──────── Records for the exercise ────────

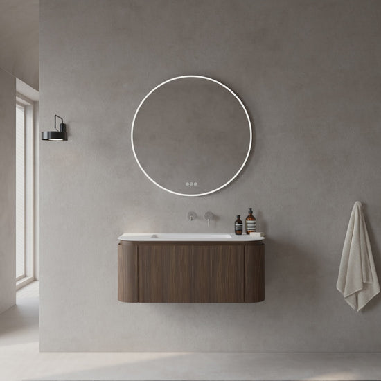 Mobile Bagno 100 cm Sospeso Rovere Medio Specchio Tondo Retroilluminato - Nooma
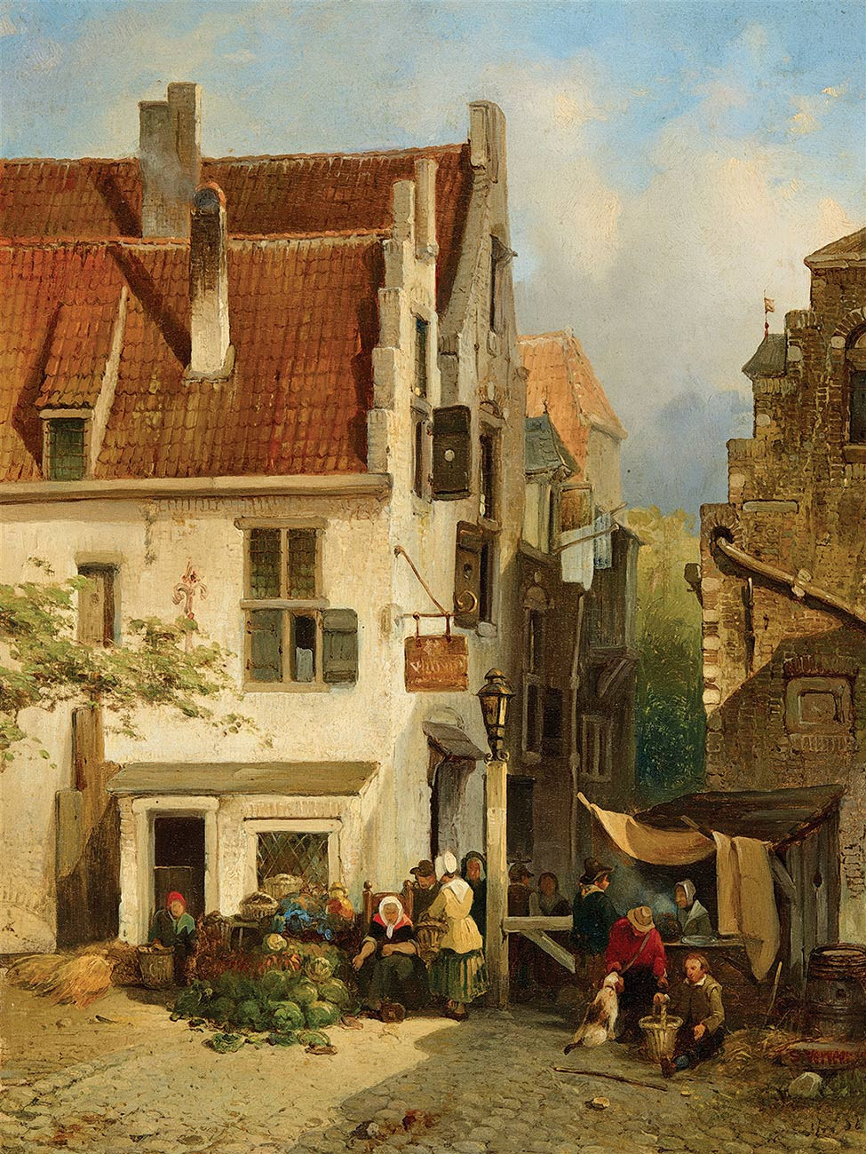 репродукция городского пейзажа художника Вервир Саломона — "Вид на голландский город с рыночными лотками"
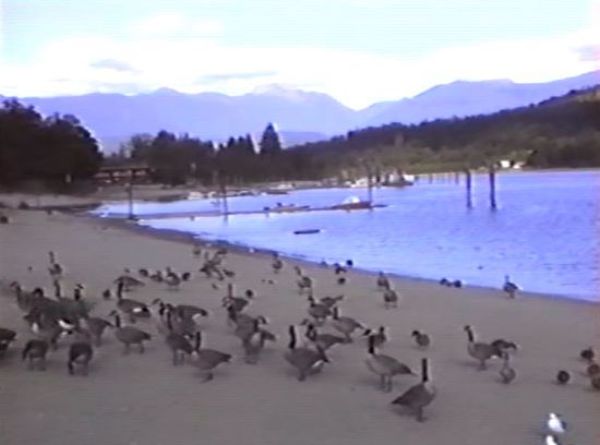 Die Überfahrt erinnert sehr an Norwegen - wie alle Fähren über Binnenseen in B.C. ist auch diese kostenlos. Gegen 17.30 Uhr kommen wir in Balford an, Ulrike füttert die Gänse mit einem alten Brötchen und dann fängt die Zimmersuche an.
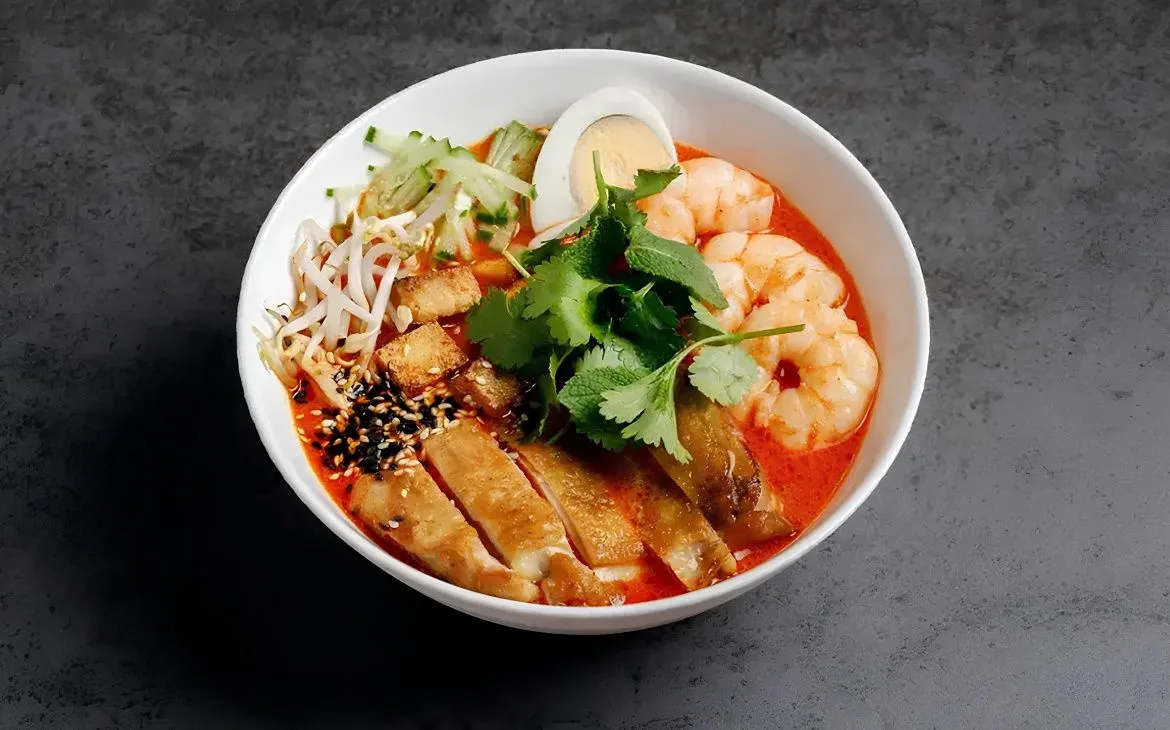 Суп Лакса – индонезийская еда на основе карри с рисовой лапшой, креветкой, курицей, яйцом, тофу, ростками маша, огурцом, кинзой и мятой. Необычное сочетание пряного и свежего вкусов.
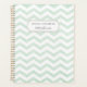 Individuell gestaltetes Planerheft mit pastellgrün lackiertem Zickzack/Zickzack Muster mit personalisiertem Namen.
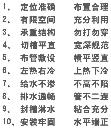 水管是家庭裝修隱蔽工程的第一步,一旦沒有做好,入住后肯定后患無窮,掘地三尺也不一定解決得了??!個(gè)中艱辛,暫且不論?,F(xiàn)在我們從施工源頭講起,只有規(guī)范施工才能從根本上解決問題!
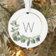 Estes enfeites de natal modernos são uma lembrança especial da família para os newlyweds. Personalize as áreas da foto e do monograma do casamento. Decorado com uma grinalda da folha verde minimalista e da flor branca.
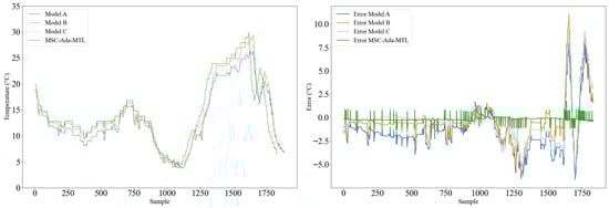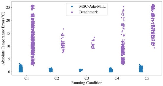 From the analysis of Figure 7 and Table 9, it is evident that the prediction accuracy of the MSC-Ada-MTL model is significantly improved compared to the benchmark model under various operating conditions. Particularly under conditions of acceleration and braking, the errors of the benchmark model significantly increase, while the MSC-Ada-MTL model maintains lower and more stable error levels. This underscores the enhanced robustness of the MSC-Ada-MTL model in handling dynamically changing operating conditions. By integrating a module that differentiates operating conditions, the MSC-Ada-MTL model effectively adapts to different operating states, thus improving the precision of temperature predictions. Moreover, even in stationary conditions, the MSC-Ada-MTL model demonstrates superior performance compared to the benchmark model, further validating its applicability and superiority across various scenarios. Consequently, the design of the MSC-Ada-MTL model significantly enhances the overall performance of temperature prediction tasks, especially under dynamic and extreme conditions. These results highlight the importance of designing specialized models for complex operating conditions.
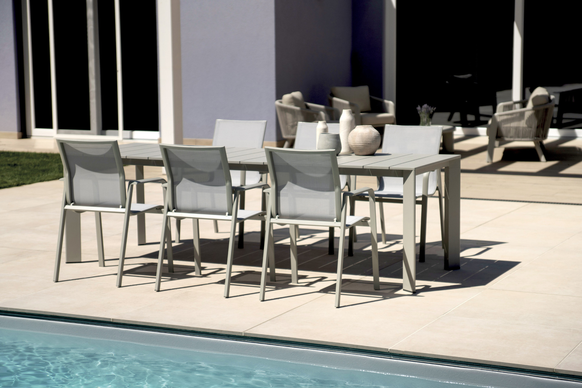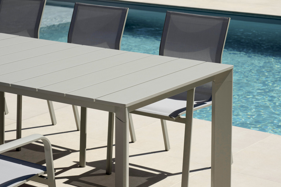 La struttura è realizzata interamente in alluminio verniciato color creta, una finitura elegante e contemporanea che si integra armoniosamente in contesti naturali, mediterranei e moderni. L’alluminio garantisce resistenza agli agenti atmosferici, alla corrosione e all’usura, rendendo il tavolo ideale per un utilizzo continuativo all’aperto.
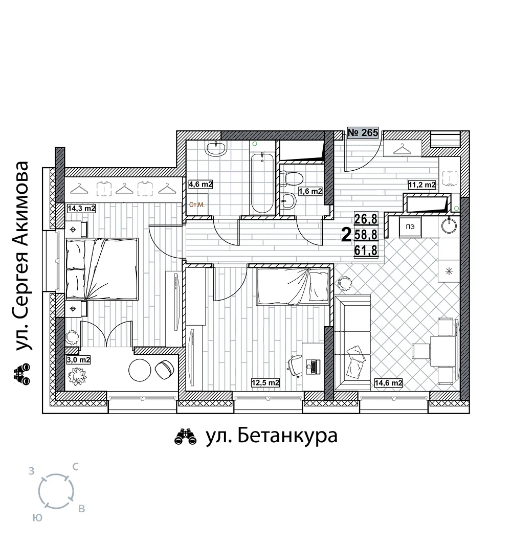 Квартира 61.8 м2
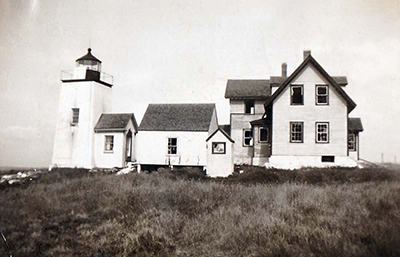 Nash Island Lighthouse as it appeared just before the keeper’s house was burned. The barn and the outhouse shown here were demolished and the debris piled up to be burned before the fire was set to the keeper’s house. Back to the edition of: May/Jun 2019
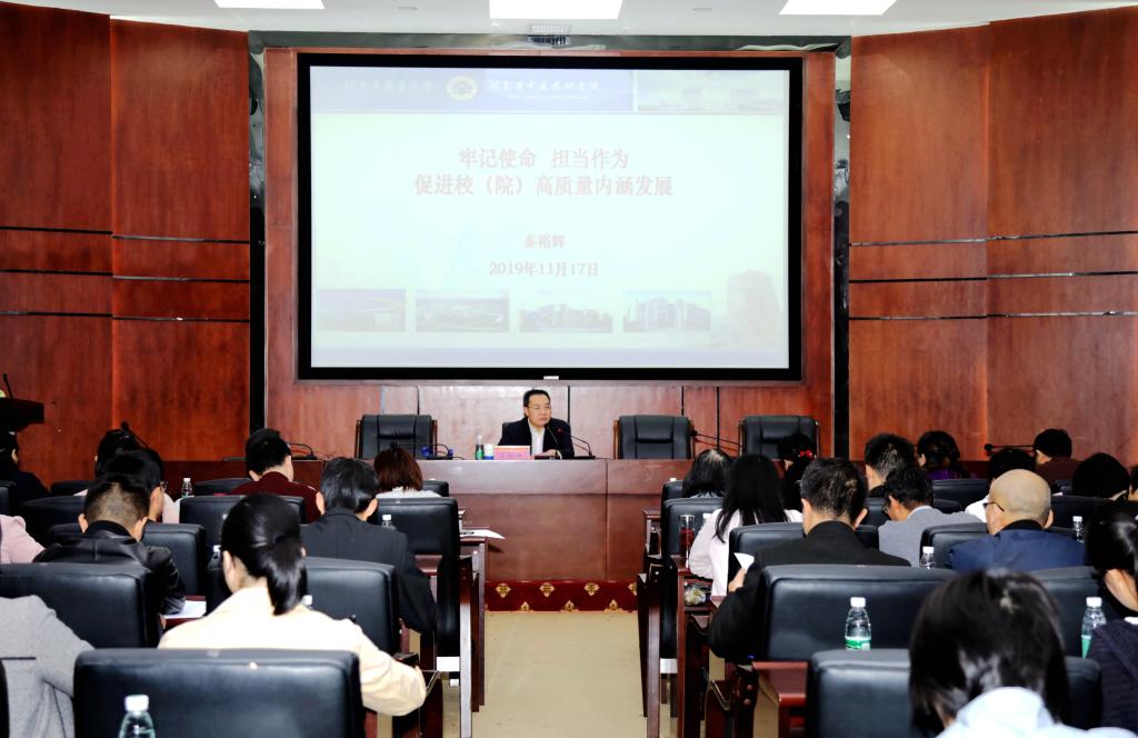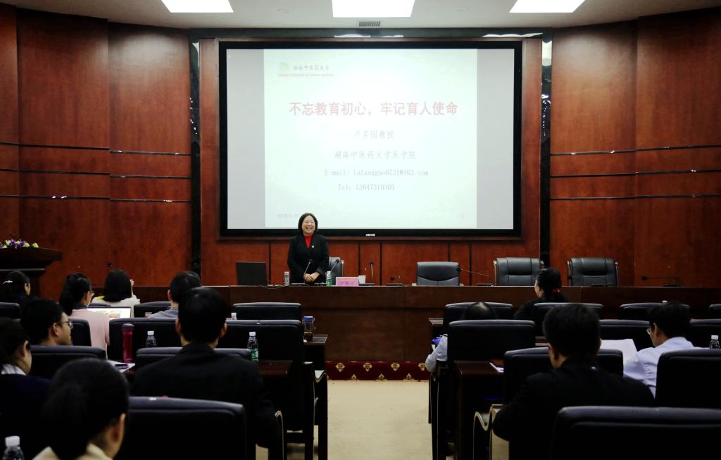 开班仪式结束后,秦裕辉作了《牢记使命,担当作为,促进校(院)高质量内涵发展》的主题讲座。他分享了习近平总书记关于教育、中医药工作的重要论述,解读了全国中医药大会精神,从湖南省以及校(院)两个层次分析如何把握机遇,贯彻落实《关于促进中医药传承创新发展的意见》、传承创新发展中医药,指出要在“坚持中西医并重”总方针的前提下,牢牢把握发展方向、发展要领、发展重点三大关键。他希望大家肩上要有“一面旗”,胸中要有“一座山”,手中要有“一把剑”,案头要有“一把尺”,成为“学高、德高、艺高”“爱教、善教、能教”的具有“传道”能力和“弘道”精神的一流师资队伍,为学校建设发展提供更加坚强有力的人才支撑!

────────

Set down the whole listing word for word, omitting the pictures.

 Mobile Bagno 100 cm Sospeso Rovere Medio Specchio Tondo Retroilluminato - Nooma
 репродукция городского пейзажа художника Вервир Саломона — "Вид на голландский город с рыночными лотками"
 Die Überfahrt erinnert sehr an Norwegen - wie alle Fähren über Binnenseen in B.C. ist auch diese kostenlos. Gegen 17.30 Uhr kommen wir in Balford an, Ulrike füttert die Gänse mit einem alten Brötchen und dann fängt die Zimmersuche an.
 Суп Лакса – индонезийская еда на основе карри с рисовой лапшой, креветкой, курицей, яйцом, тофу, ростками маша, огурцом, кинзой и мятой. Необычное сочетание пряного и свежего вкусов.
 Individuell gestaltetes Planerheft mit pastellgrün lackiertem Zickzack/Zickzack Muster mit personalisiertem Namen.
 水管是家庭裝修隱蔽工程的第一步,一旦沒有做好,入住后肯定后患無窮,掘地三尺也不一定解決得了??!個(gè)中艱辛,暫且不論?,F(xiàn)在我們從施工源頭講起,只有規(guī)范施工才能從根本上解決問題!
 Estes enfeites de natal modernos são uma lembrança especial da família para os newlyweds. Personalize as áreas da foto e do monograma do casamento. Decorado com uma grinalda da folha verde minimalista e da flor branca.
 From the analysis of Figure 7 and Table 9, it is evident that the prediction accuracy of the MSC-Ada-MTL model is significantly improved compared to the benchmark model under various operating conditions. Particularly under conditions of acceleration and braking, the errors of the benchmark model significantly increase, while the MSC-Ada-MTL model maintains lower and more stable error levels. This underscores the enhanced robustness of the MSC-Ada-MTL model in handling dynamically changing operating conditions. By integrating a module that differentiates operating conditions, the MSC-Ada-MTL model effectively adapts to different operating states, thus improving the precision of temperature predictions. Moreover, even in stationary conditions, the MSC-Ada-MTL model demonstrates superior performance compared to the benchmark model, further validating its applicability and superiority across various scenarios. Consequently, the design of the MSC-Ada-MTL model significantly enhances the overall performance of temperature prediction tasks, especially under dynamic and extreme conditions. These results highlight the importance of designing specialized models for complex operating conditions.
 La struttura è realizzata interamente in alluminio verniciato color creta, una finitura elegante e contemporanea che si integra armoniosamente in contesti naturali, mediterranei e moderni. L’alluminio garantisce resistenza agli agenti atmosferici, alla corrosione e all’usura, rendendo il tavolo ideale per un utilizzo continuativo all’aperto.
 Квартира 61.8 м2
 Nash Island Lighthouse as it appeared just before the keeper’s house was burned. The barn and the outhouse shown here were demolished and the debris piled up to be burned before the fire was set to the keeper’s house. Back to the edition of: May/Jun 2019
 开班仪式结束后,秦裕辉作了《牢记使命,担当作为,促进校(院)高质量内涵发展》的主题讲座。他分享了习近平总书记关于教育、中医药工作的重要论述,解读了全国中医药大会精神,从湖南省以及校(院)两个层次分析如何把握机遇,贯彻落实《关于促进中医药传承创新发展的意见》、传承创新发展中医药,指出要在“坚持中西医并重”总方针的前提下,牢牢把握发展方向、发展要领、发展重点三大关键。他希望大家肩上要有“一面旗”,胸中要有“一座山”,手中要有“一把剑”,案头要有“一把尺”,成为“学高、德高、艺高”“爱教、善教、能教”的具有“传道”能力和“弘道”精神的一流师资队伍,为学校建设发展提供更加坚强有力的人才支撑!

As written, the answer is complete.